### EXTRACTED MATERIAL

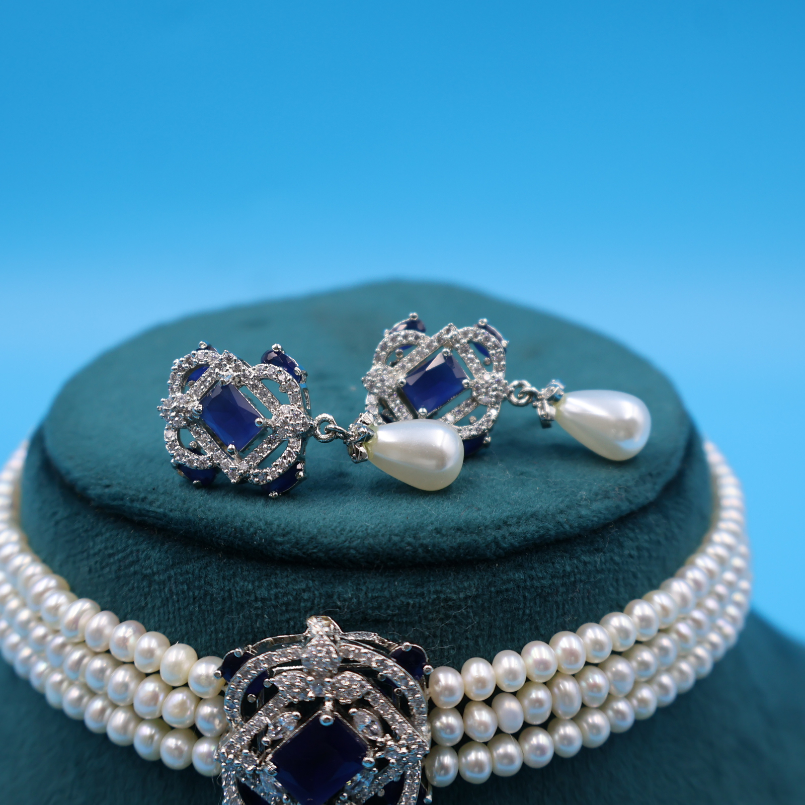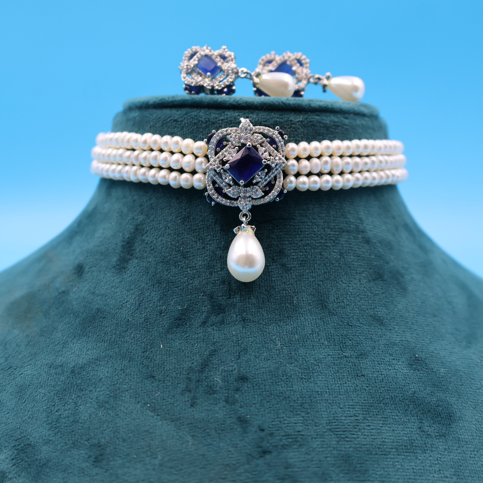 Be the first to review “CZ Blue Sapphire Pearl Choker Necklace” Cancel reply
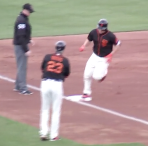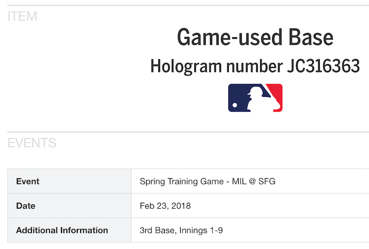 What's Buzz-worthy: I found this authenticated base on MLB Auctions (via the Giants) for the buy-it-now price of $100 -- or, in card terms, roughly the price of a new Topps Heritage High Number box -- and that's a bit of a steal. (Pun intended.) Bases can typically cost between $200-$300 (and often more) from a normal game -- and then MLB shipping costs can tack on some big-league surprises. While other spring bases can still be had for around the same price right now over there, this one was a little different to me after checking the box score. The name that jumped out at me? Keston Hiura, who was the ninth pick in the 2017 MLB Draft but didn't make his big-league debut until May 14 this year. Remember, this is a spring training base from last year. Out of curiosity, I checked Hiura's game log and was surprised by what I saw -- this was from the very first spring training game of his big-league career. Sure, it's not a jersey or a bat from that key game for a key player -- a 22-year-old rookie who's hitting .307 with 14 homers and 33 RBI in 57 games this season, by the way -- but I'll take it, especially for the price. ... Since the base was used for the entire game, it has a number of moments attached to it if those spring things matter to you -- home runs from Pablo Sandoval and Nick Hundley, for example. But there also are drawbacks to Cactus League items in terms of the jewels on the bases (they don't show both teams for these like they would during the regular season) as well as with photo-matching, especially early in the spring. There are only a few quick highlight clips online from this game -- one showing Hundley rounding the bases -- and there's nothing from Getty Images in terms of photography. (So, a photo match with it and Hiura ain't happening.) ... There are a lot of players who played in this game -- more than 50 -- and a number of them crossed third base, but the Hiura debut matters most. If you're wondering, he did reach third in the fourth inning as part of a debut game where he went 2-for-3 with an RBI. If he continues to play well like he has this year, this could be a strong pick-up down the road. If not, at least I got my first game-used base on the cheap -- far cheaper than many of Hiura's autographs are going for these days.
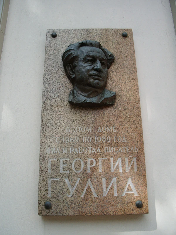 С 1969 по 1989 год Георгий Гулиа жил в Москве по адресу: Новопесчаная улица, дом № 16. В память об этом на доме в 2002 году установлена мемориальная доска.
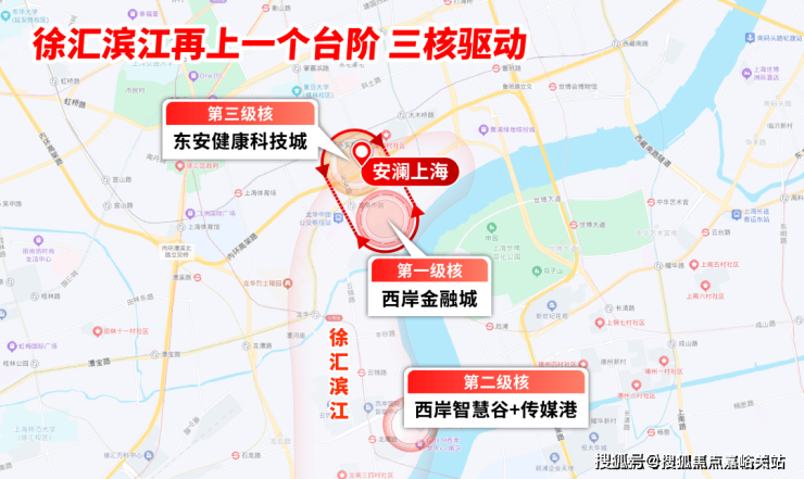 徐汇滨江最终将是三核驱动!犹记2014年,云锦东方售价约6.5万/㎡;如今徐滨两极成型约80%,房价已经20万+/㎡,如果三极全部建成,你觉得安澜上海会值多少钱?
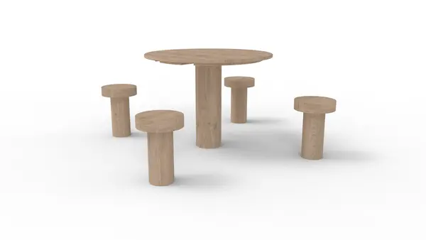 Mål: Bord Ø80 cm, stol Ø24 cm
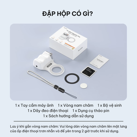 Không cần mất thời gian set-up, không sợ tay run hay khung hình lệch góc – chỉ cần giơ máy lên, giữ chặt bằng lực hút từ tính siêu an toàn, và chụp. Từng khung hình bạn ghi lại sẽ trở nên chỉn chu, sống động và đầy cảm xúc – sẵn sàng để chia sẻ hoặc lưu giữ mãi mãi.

---

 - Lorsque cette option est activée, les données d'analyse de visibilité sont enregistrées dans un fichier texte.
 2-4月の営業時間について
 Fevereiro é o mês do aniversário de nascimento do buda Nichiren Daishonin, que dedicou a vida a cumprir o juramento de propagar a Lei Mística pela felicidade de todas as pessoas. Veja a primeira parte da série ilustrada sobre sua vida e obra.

### WHAT IS BEING ASKED
Look back over the records above. Reproduce exactly everything from the line with "Mål: Bord Ø80 cm, stol Ø24 cm" down to the line with "Không cần mất", inclusive, and leave the pictures out.

### ANSWER TO THE PROBLEM
 Mål: Bord Ø80 cm, stol Ø24 cm
 Không cần mất thời gian set-up, không sợ tay run hay khung hình lệch góc – chỉ cần giơ máy lên, giữ chặt bằng lực hút từ tính siêu an toàn, và chụp. Từng khung hình bạn ghi lại sẽ trở nên chỉn chu, sống động và đầy cảm xúc – sẵn sàng để chia sẻ hoặc lưu giữ mãi mãi.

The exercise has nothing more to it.